Christopher P. Jacobs produced and directed The Threat of the Mummy
on digital video from his own script, as well as photographing and editing the
production. He has been interested in all aspects of film since his junior high
school days when he bought an 8mm Brownie movie camera and started collecting
8mm and 16mm prints of classic films.
He later moved up to Bolex 8mm and 16mm movie cameras, making a number
of short films over the years. In college he attended the NEC/Warner Brothers
Summer Film Workshop, where he worked on the award-winning half-hour 16mm
docudrama Attentat.
The lure of film history eventually took precedence over an equal
interest in filmmaking, although in graduate school he did complete a
feature-length drama made on video (School Spirit), which aired on the local
public television affiliate, as well as short teleplays and films. Jacobs
earned a Master's Degree in Film and Dramatic Production Criticism from the
University of North Dakota in Grand Forks, where he now teaches “Introduction
to Film” as a senior lecturer.
When several local filmmaking opportunities suddenly happened to arise
in his home town of Grand Forks during the last half of the 1990s, Jacobs was
able to work briefly on the Coen brothers' Oscar-winning film, Fargo,
while the production had its headquarters in Grand Forks in March 1995. Three
years later he found himself Associate Producer for a low-budget
direct-to-video 16mm movie filmed in Grand Forks, entitled Dead and Too
Stupid to Know It. Within three months after shooting wrapped, he served as
Script Supervisor on an award-winning 35mm black & white independent
feature, Dead Dogs. These experiences helped motivate him to get back
into active filmmaking of his own again and resulted in The Threat of the
Mummy and its sequel, Vengeance of the Sorceress.

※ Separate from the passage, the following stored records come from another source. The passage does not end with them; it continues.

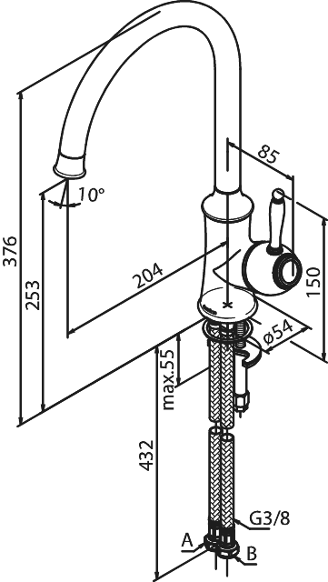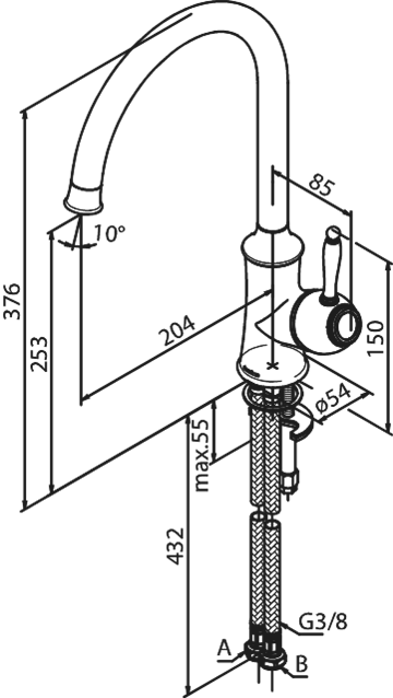 Damixa Tradition Køkkenarmatur med høj tud i krom
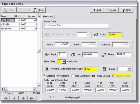 Labor Distribution Codes - LDCs are coding rules that can be created based on the phase in order to prevent user entry errors. LDCs may include a specific workers comp code, union code, state code, and department code. If any LDCs have been created, then the LDCs Enabled check box on the time card screen will be checked (this box cannot be checked by the user). If a phase is entered on the time card screen that is linked to an LDC, then the time card entry will be updated with the linked values of the LDC which will override any other coding already entered including values that may be linked to the employee. (Refer to the 'Business Rules' documentation for more information). The fields that are associated with the LDC will be highlighted in yellow and will remain highlighted until the next transaction is entered.
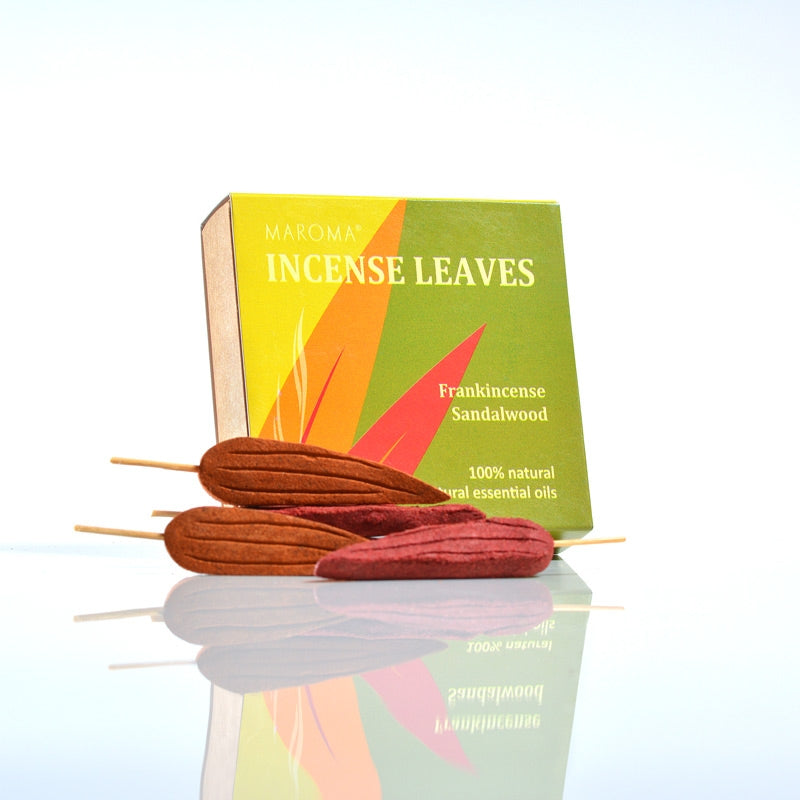 These leaves are hand pressed from a paste of sandalwood powder infused with aromatic blended with natural essential oils. The lingering fragrance will elevate and refresh a room for hours.
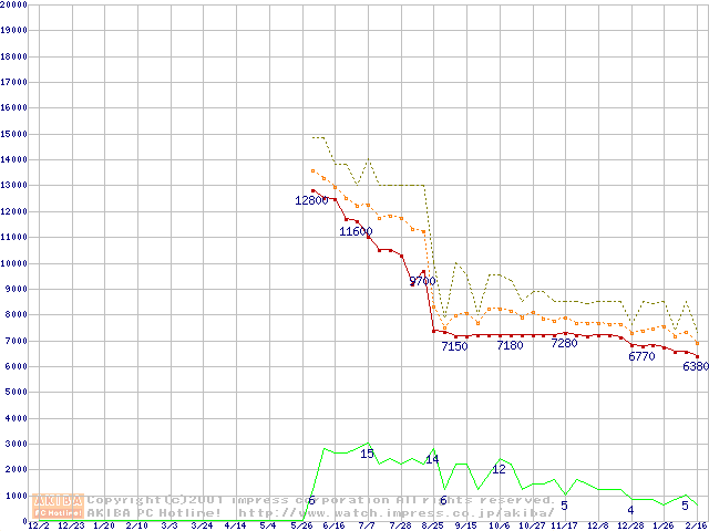 Socket A (Spitfire,PGA,FSB 200MHz,L2 64KB)の最安値推移
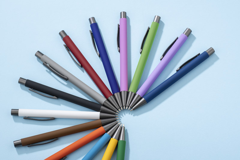 Długopis GOMA to prosty design połączony z przyjemną w dotyku gumowaną powierzchnią. Całość jest utrzymana w lekkich, matowych barwach. Wykonany z aluminium. Wykończenia w kolorze grafitowym. Wkład w kolorze czarnym.
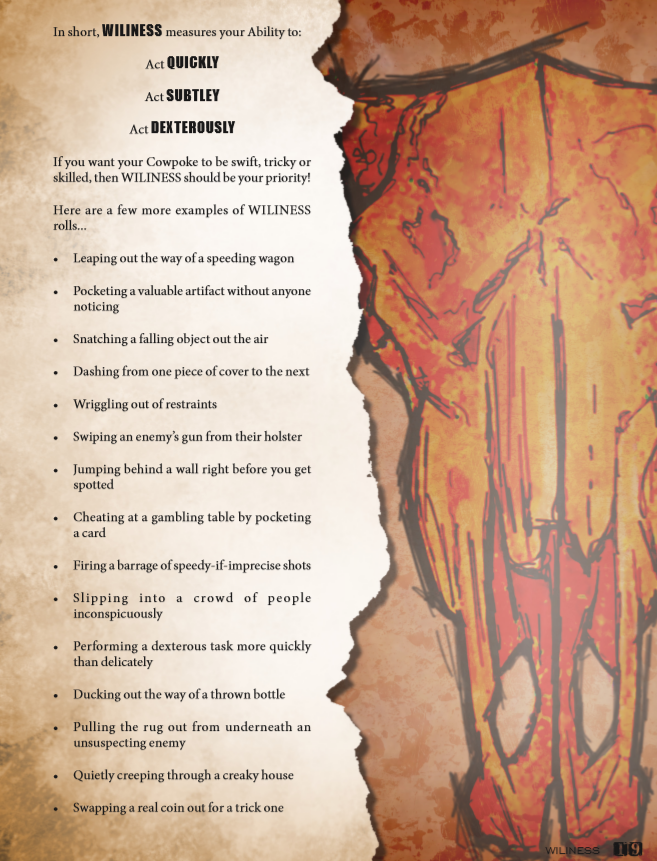 DEAD IN THE WEST feels like playing a particularly exciting old cowboy movie, with memorable heroes and frantic action set-pieces. Players will be constantly performing crazy stunts, using their unique skills to overcome obstacles, and keeping on their toes just in case the GM yells “”!

A movie theatre manager for over nine years until his company was
bought out by a larger chain, Jacobs still works as a part-time projectionist/
assistant manager at the former Midco 10 Theatre, now called the Carmike 10. In
addition he is the movies editor for The High Plains Reader, a regional
weekly tabloid arts & entertainment newspaper, and was on the building
committee for the 1998 renovation of the historic Empire Theatre into a home
for the North Valley Arts Council. In 1999 he finished a reference book project
for Greenwood Publishing as co-author with Donald W. McCaffrey, Guide to the
Silent Years of American Cinema. It is a one-volume critical encyclopedia
of notable silent films, directors, actors, and screenwriters. Jacobs presented
a paper on the history of Grand Forks movie theatres at the October 2001 Great
Plains History Conference. Jacobs' various interests also include desktop
publishing and graphic design; music listening, performance, recording, and
occasional composition (in a wide range of styles); live theatre (viewing,
performing, and directing); and ancient history (particularly ancient Egypt,
Greece, and Rome). For the past several years Jacobs has worked on and off at
writing a series of full-length novels in the historical romantic-adventure
genre. They are set in Egypt during the early 4th century A.D. amidst the
sociopolitical and religious turmoil of the late Roman Empire, while
Alexandria, Egypt with its world-famous library was the center of scholarly
research and Graeco-Roman civilization stretched from Britain to western Asia.
Other writing projects include several short stories (with publications in North
Country and Family Practice Quarterly), plays, and screenplays,
including an adaptation of his novel The Treasure of Isis.